Um dia destes hei-de-me lembrar de escrever um livro de conselhos para pais, "como fazer com que os seus filhos fujam de tudo o que parece cultura". É muito fácil. Mas desconfio que não se vai tornar um best-seller, porque os pais já sabem fazer isso tudo muito bem.
6 comentários:
Uma canseira, portanto. Ainda bem que aqui na Merdaleja não há tanto por onde escolher, ou andaríamos todos a ansiolíticos.
Pois...
Quando vieres a Berlim, traz é alguma coisa para te dopares. Se vens só uma semana, vai-te dar uns 40 museus por dia, e três espectáculos por noite.
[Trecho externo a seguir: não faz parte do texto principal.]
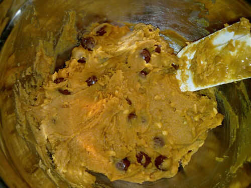 En un tazón, combinar la mantequilla de maní, azúcar y huevos. Mezclar bien. Doble Chocolate cubrió las pasas de uva hasta que distribuye.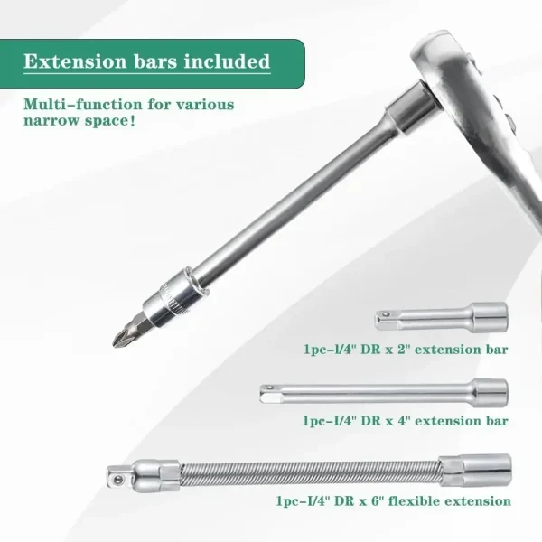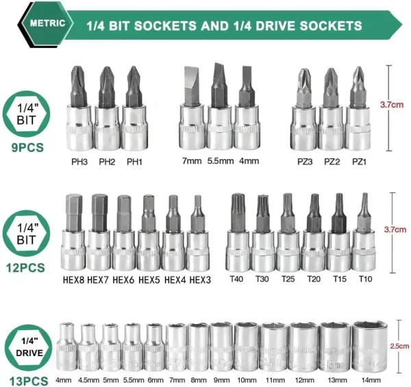 46 ცალი წამყვანი ბუდეების ნაკრები, 1/4 ინჩიანი სახრახნისი გასაღებების ნაკრები ბუდეებით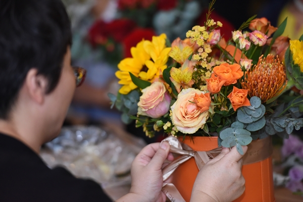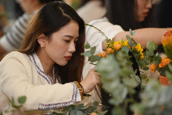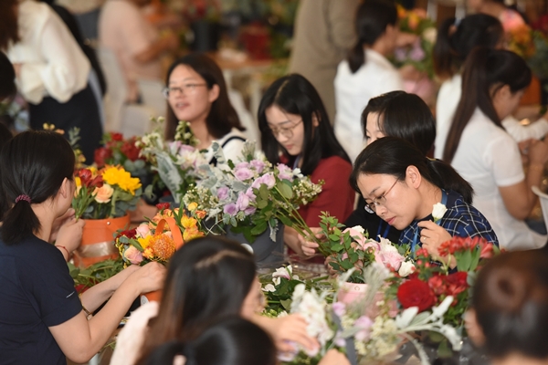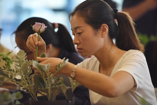 一把剪刀,一塊花泥,一個花籃,一束搭配好的鮮花。在一片芬芳的花香中,插花藝術創作正式拉開帷幕。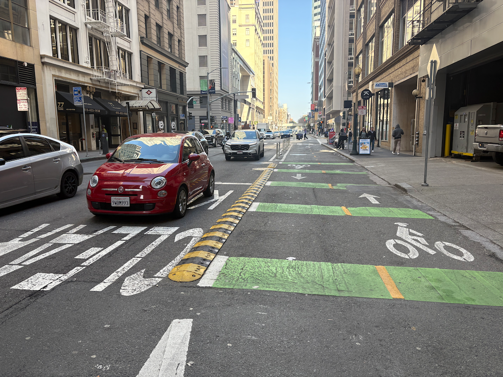 speed bumps across driveway on Battery St two-way bikeway, San Francisco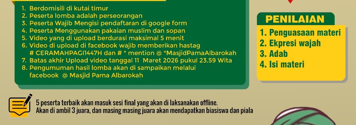 Dalam rangka memeriahkan PAMA Gema Islami 1447 Hijriyah, DKM PAMA Al Barokah kembali menghadirkan ajang inspiratif melalui Lomba Ceramah Kategori Umum untuk tingkat SD, SMP, dan SMA. Kegiatan ini menjadi wadah bagi generasi muda untuk menyalurkan bakat dakwah sekaligus memperkuat pemahaman nilai-nilai keislaman.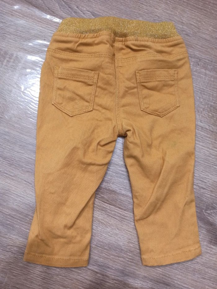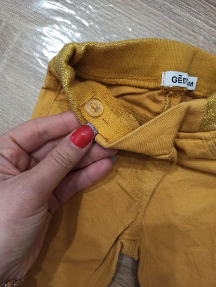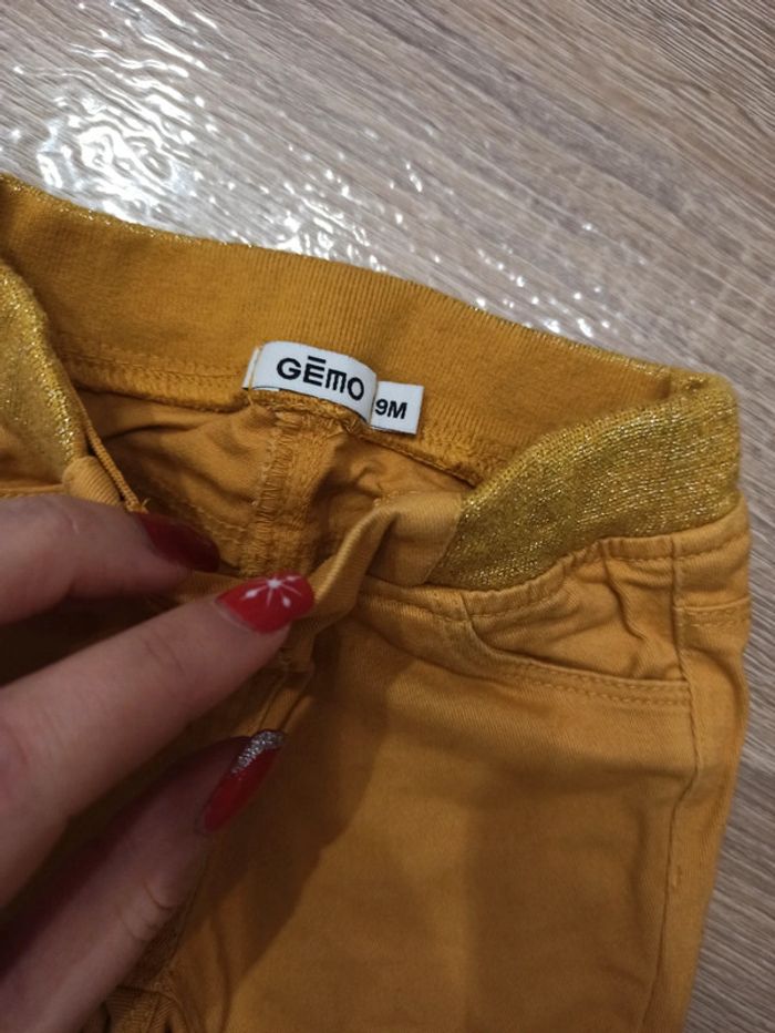 Pantalon jaune moutarde, souple. Ceinture élastique et rétrécisseur intérieur. Fausses poches avant. Confortable. Taille 9 mois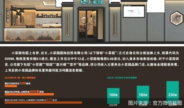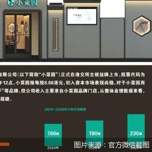 小菜园终圆上市梦。近日,小菜园国际控股有限公司(以下简称“小菜园”)正式在港交所主板挂牌上市,股票代码为00999,每股发售价格8.5港元,截至上市当日中午12点,小菜园报每股8.88港元,初入资本市场表现尚稳。对于小菜园而言,公司旗下包括“小菜园”“观邸”“复兴楼”“菜手”等品牌,但公司收入主要来自小菜园品牌门店,从整体业绩数据来看,上市后的小菜园品牌知名度和盈利能力问题迫在眉睫。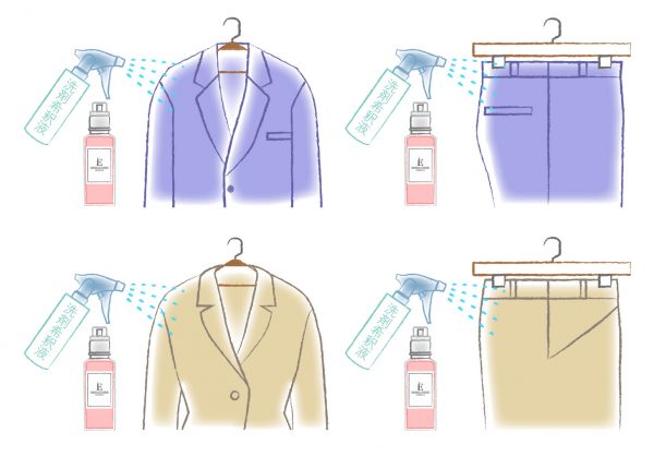 ハンガーに掛けたままスプレーすれば、軽いシワはアイロンを当てずに伸びます。

E quando é que me sobra um tempinho para uma bica, ao menos?
A bica? Mas é que a tomas permanentemente, por via intravenosa.
Caso contrário, nem aguentas, nem tens tempo...
(Depois pergunta ao Miguel como é.)
(Mas viste? Sobreviveu.)
Mas vinha tão magrinho, coitadinho.
Elegante.
Quem é que precisa de gastar dinheiro no ginásio, se bem o pode gastar na minha correria de museus?